Lack of proper antenatal care follow-up was also found to be associated the development of stunting. The odds of stunting were 7 times higher among children being delivered from mothers who did not attend their fourth ANC four follow-up when compared with their counterparts. Similar finding was reported from Yemen [7]. This might be due to the issues related to child nutrition often addressed during pregnancy upon consecutive ANC visit to alert pregnant women as how to feed their children after delivery in an attempt to prevent the onset of child undernutrition.

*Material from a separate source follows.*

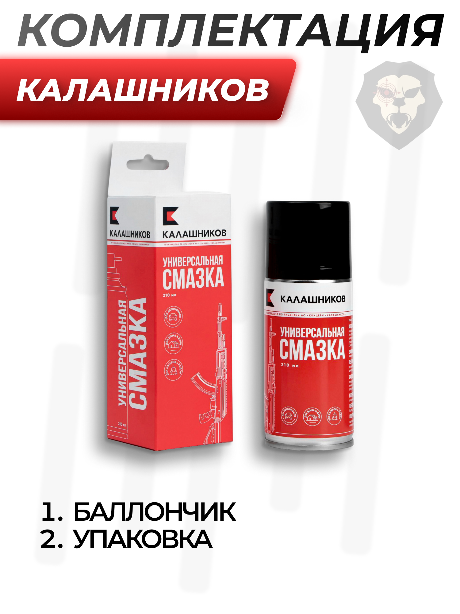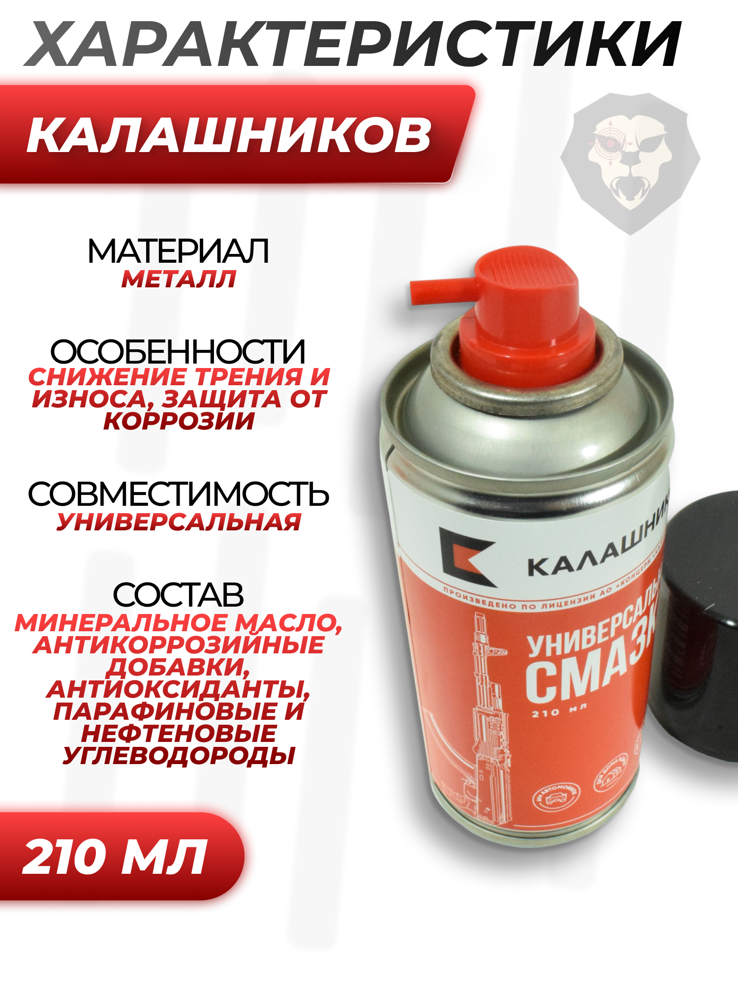 Информация о товаре "Смазка универсальная Калашников (210 мл, аэрозоль)" носит ознакомительный характер, и не является публичной офертой, определяемой положениями Статьи 437 Гражданского кодекса Российской Федерации, характеристики, внешний вид, цвет и комплектация могут быть изменены производителем без уведомления.

This study could have the following limitations. Firstly, some of the mother s /caregivers might have under or over reported their children’s age, t which could resulted in inappropriate estimation of the respective nutritional indices. However, age was estimated carefully based on mother’s /caregiver/s unforgettable events such as public and religious holidays of the year using local calendar for those who did not have scientific background. Secondly, recall bias could be introduced upon collecting data on some past background variables such as 24 hours recall questions in which case an interactive 24 recall method was used to minimize such a bias. Thirdly, an anthropometric measurement error could potentially affect the results of this study due to both random and systematic error. Nevertheless, all important efforts such as calibration of measuring equipment, standardization procedure before deploying data enumerators to the field, and refreshment training for data enumerators were made to minimize the errors.